If you come across a role that intrigues you but doesn’t perfectly line up with your resume, we encourage you to apply anyway. You could be one step away from work that will transform your life and career.

Uniquely Interesting Work, Life-changing Careers
With a single vision as inspiring as “Transforming patients’ lives through science™ ”, every BMS employee plays an integral role in work that goes far beyond ordinary. Each of us is empowered to apply our individual talents and unique perspectives in an inclusive culture, promoting diversity in clinical trials, while our shared values of passion, innovation, urgency, accountability, inclusion and integrity bring out the highest potential of each of our colleagues.

On-site Protocol

BMS has a diverse occupancy structure that determines where an employee is required to conduct their work. This structure includes site-essential, site-by-design, field-based and remote-by-design jobs. The occupancy type that you are assigned is determined by the nature and responsibilities of your role:

Site-essential roles require 100% of shifts onsite at your assigned facility.
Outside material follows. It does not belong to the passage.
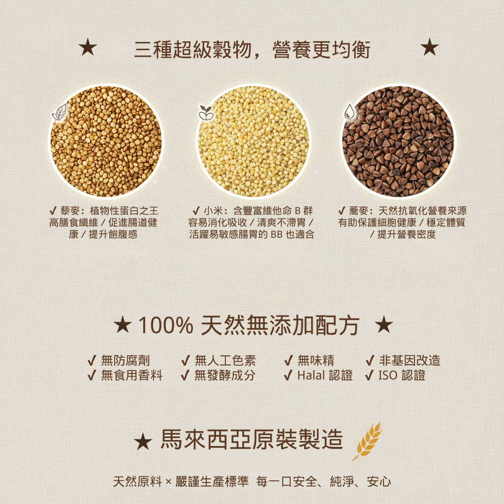 *本產品與其他含小麥、麩質、大麥、燕麥、大豆和芝麻的產品於同一生產線生產,食物過敏者請留意。

Site-by-design roles may be eligible for a hybrid work model with at least 50% onsite at your assigned facility. For these roles, onsite presence is considered an essential job function and is critical to collaboration, innovation, productivity, and a positive Company culture. For field-based and remote-by-design roles the ability to physically travel to visit customers, patients or business partners and to attend meetings on behalf of BMS as directed is an essential job function.

BMS is dedicated to ensuring that people with disabilities can excel through a transparent recruitment process, reasonable workplace accommodations/adjustments and ongoing support in their roles. Applicants can request a reasonable workplace accommodation/adjustment prior to accepting a job offer. If you require reasonable accommodations/adjustments in completing this application, or in any part of the recruitment process, direct your inquiries to adastaffingsupport@bms.com. Visit careers.bms.com/eeo-accessibility to access our complete Equal Employment Opportunity statement.

BMS cares about your well-being and the well-being of our staff, customers, patients, and communities. As a result, the Company strongly recommends that all employees be fully vaccinated for Covid-19 and keep up to date with Covid-19 boosters.

BMS will consider for employment qualified applicants with arrest and conviction records, pursuant to applicable laws in your area.

Any data processed in connection with role applications will be treated in accordance with applicable data privacy policies and regulations.